Butina is heavily involved in the gun rights movement and is a "life member" of the NRA.

WASHINGTON ― A Russian national with close ties to the National Rifle Association and to a well-connected Republican operative was arrested this week and charged with illegally acting as an unregistered agent of the Russian Federation, federal authorities announced on Monday.

Maria Butina, a 29-year-old Russian who has been living in Washington was arrested Sunday, following an FBI investigation that included a search of two of Butina’s electronic devices.

In an affidavit unsealed Monday, Kevin Helson, an FBI agent with the counterintelligence division within the bureau’s Washington field office, said he’d found evidence that Butina had worked with an unnamed Russian official to establish what she called “back channel” lines of communication between the Kremlin and American politicians, presumably within the GOP. According to Helson, Butina sought to use the NRA to gain access to U.S. officials in order to pursue the interests of the Russian government.

Butina, also known as Mariia Butina, is a former furniture store owner and founder of the Russian gun rights group The Right to Bear Arms. She came to the U.S. on a student visa in 2016 to study at American University in Washington, though her involvement in conservative activism dates back to at least 2014, when she attended the NRA convention in Indianapolis.

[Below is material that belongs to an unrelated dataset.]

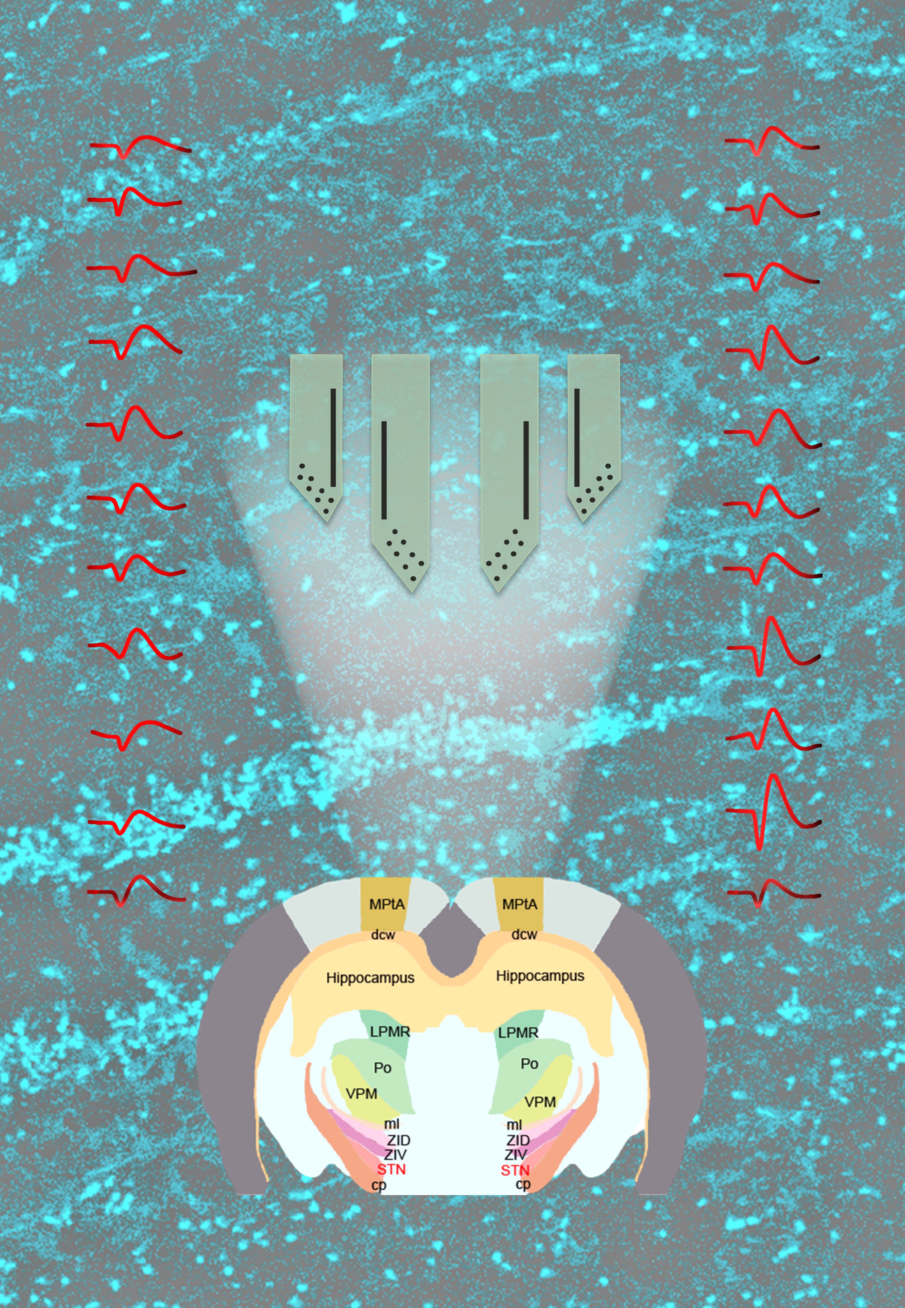 Compared with the healthy hemisphere, the STN on the damaged side showed elevated rates of action potential discharge, increased action potential amplitudes and heightened power in local field potential, accompanied by violent oscillations within the β frequency band. The pattern recognition of these distinct signals enables real-time, precise functional localization of the STN at the cellular level.
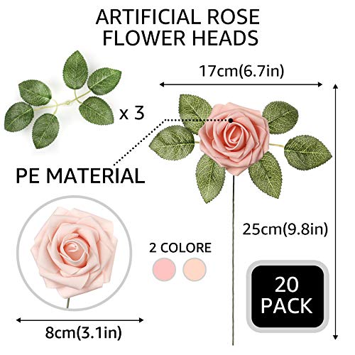 Set di rose artificiali: rose artificiali rosa (10 pezzi), rosa pastello (10 pezzi), per un totale di 20 fiori artificiali, ogni rosa in schiuma ha un diametro di circa 8 cm, ogni fioriera misura circa 18 cm di lunghezza e può essere piegato in qualsiasi forma a piacimento (3 set di fogli sono inclusi)

Through Butina’s advocacy on gun rights, she became close friends and business partners with Paul Erickson, a well-connected Republican political operative, The Daily Beast reported.

Butina has also been widely reported to be a close confidante of Alexander Torshin, a former member of Russian parliament who is now deputy head of the Central Bank of Russia. Torshin and Butina (pictured below) both claim to be “life members” of the NRA, which the affidavit refers to as a “GUN RIGHTS ORGANIZATION.”

The affidavit contains digital communications Butina exchanged with an unnamed “Russian official,” as well as two separate American individuals.

In one Twitter message Butina sent to the Russian official on the night of President Donald Trump’s election, she says she is “ready for further orders.”

The affidavit also references an email “U.S. Person I” sent to “an acquaintance,” in which the individual discusses his involvement “in securing a VERY private line of communication between the Kremlin and key POLITICAL PARTY 1 leaders through, of all conduits, the [GUN RIGHTS ORGANIZATION].”

“Based on my training, experience, and familiarity with this investigation, I believe that this email describes U.S. Person 1′s involvement in BUTINA’s efforts to establish a ‘back channel’ communication for representatives of the Government of Russia,” Helson wrote in the affidavit.

The NRA did not immediately respond to a HuffPost request for comment.

The investigation was separate from the ongoing probe by special counsel Robert Mueller. A number of Russian officials were indicted on Friday for conspiring to hack the Democratic National Committee and Hillary Clinton’s 2016 presidential campaign.

The charges against Butina came shortly after Trump held an unusual press conference with Russian President Vladimir Putin in which Trump undermined his own government’s conclusion that Russia interfered in the 2016 election.

In a statement, Butina’s attorney said her actions amounted to “open and public networking” by a foreign student rather than a nefarious effort at covert propaganda.

A judge has ordered Butina to be held without bond and has set a detention hearing and preliminary hearing for Wednesday, according to the Justice Department.

Read the affidavit below.

This post has been updated with more details from the affidavit and more information about Butina.

CORRECTION: A previous version of this story stated that Butina had been indicted. Although she has been charged, a grand jury has not returned an official indictment.